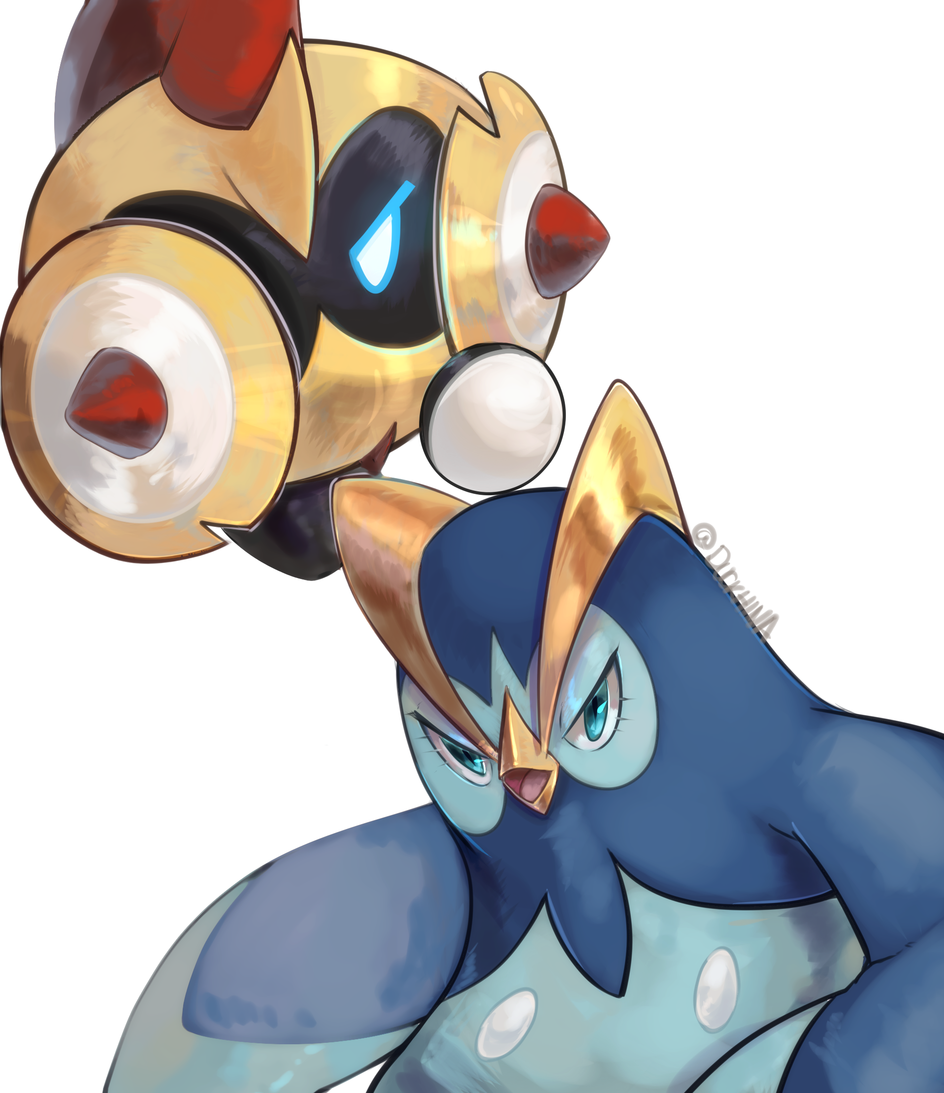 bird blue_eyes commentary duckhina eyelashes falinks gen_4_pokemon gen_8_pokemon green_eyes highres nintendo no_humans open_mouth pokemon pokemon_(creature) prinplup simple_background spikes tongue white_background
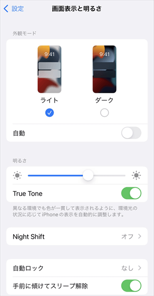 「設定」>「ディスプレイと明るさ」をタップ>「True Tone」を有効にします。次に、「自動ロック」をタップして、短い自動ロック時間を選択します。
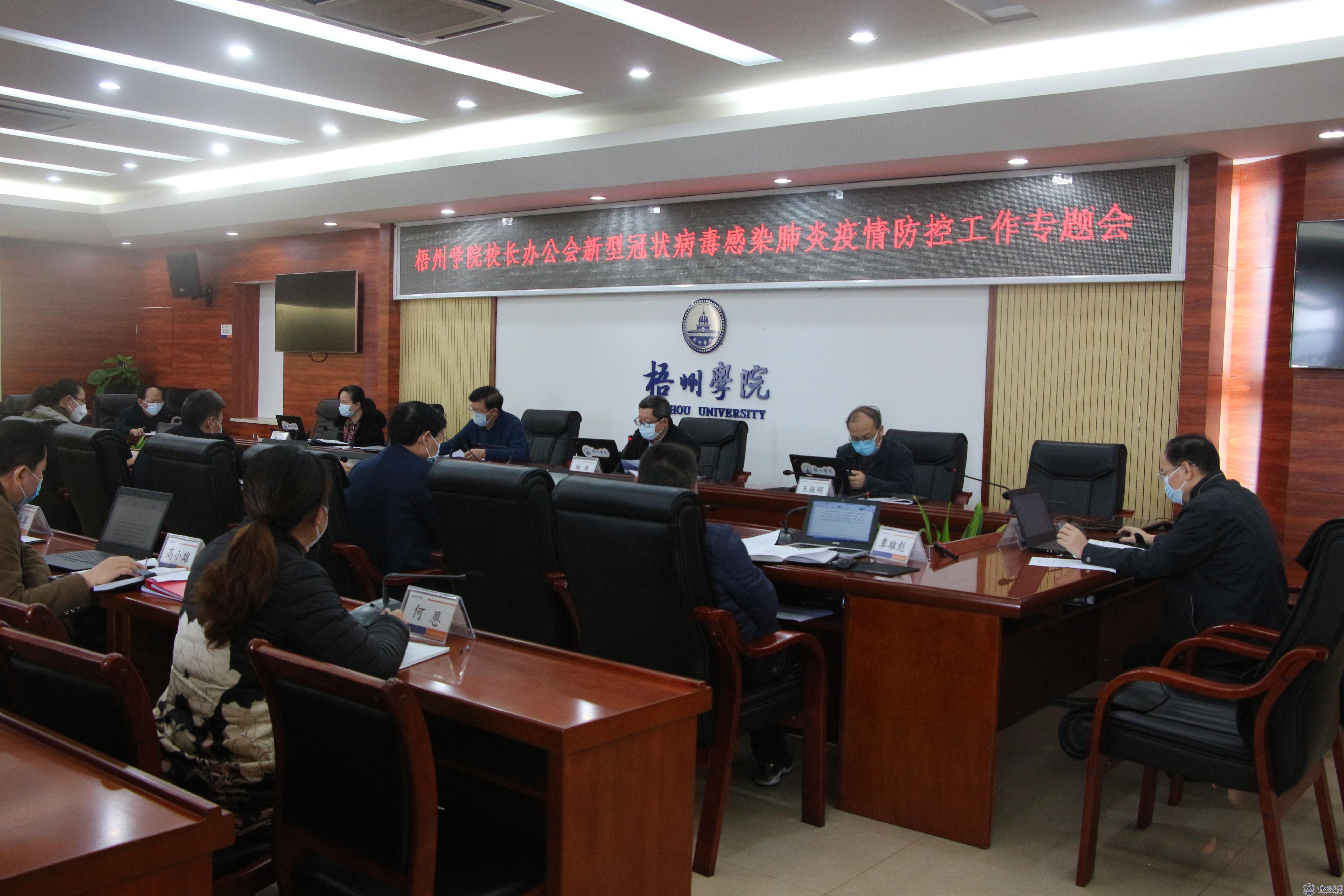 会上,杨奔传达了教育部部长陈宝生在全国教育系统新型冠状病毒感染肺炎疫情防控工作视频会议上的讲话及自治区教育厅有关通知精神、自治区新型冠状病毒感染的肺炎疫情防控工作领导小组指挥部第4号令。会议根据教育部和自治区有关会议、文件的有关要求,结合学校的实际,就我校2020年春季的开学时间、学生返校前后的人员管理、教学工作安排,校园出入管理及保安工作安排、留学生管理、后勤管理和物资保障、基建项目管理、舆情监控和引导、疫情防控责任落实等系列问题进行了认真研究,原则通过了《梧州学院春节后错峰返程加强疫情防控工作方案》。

==

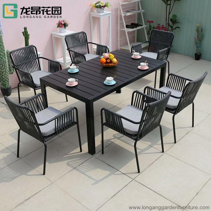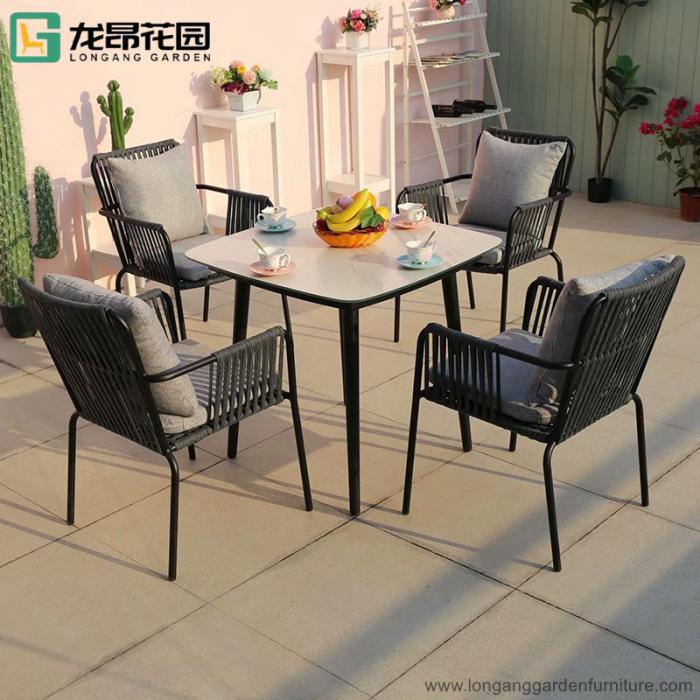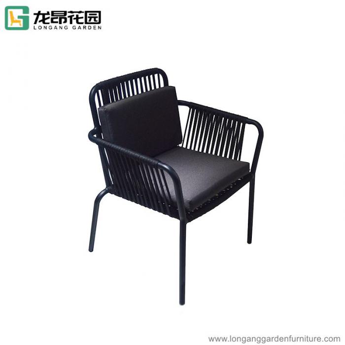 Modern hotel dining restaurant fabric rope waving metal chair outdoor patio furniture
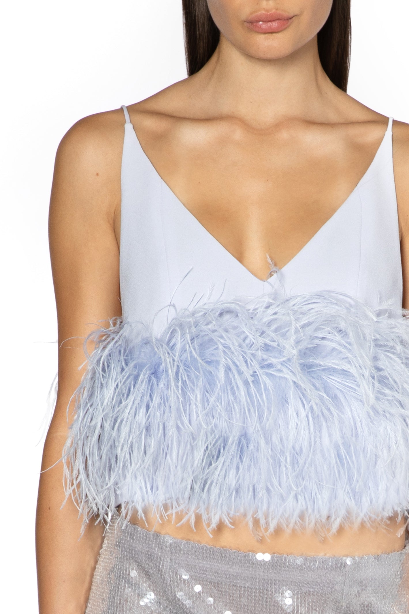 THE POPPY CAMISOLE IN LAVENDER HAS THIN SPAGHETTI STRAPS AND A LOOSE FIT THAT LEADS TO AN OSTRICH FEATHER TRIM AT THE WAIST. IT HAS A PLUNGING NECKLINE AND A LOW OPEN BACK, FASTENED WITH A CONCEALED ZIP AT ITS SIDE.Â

# Problem details:
Above are the records; restate exactly the lines from the one containing "Modern hotel dining" through the one containing "THE POPPY CAMISOLE", keeping pictures out.

# Answer to the problem:
 Modern hotel dining restaurant fabric rope waving metal chair outdoor patio furniture
 THE POPPY CAMISOLE IN LAVENDER HAS THIN SPAGHETTI STRAPS AND A LOOSE FIT THAT LEADS TO AN OSTRICH FEATHER TRIM AT THE WAIST. IT HAS A PLUNGING NECKLINE AND A LOW OPEN BACK, FASTENED WITH A CONCEALED ZIP AT ITS SIDE.Â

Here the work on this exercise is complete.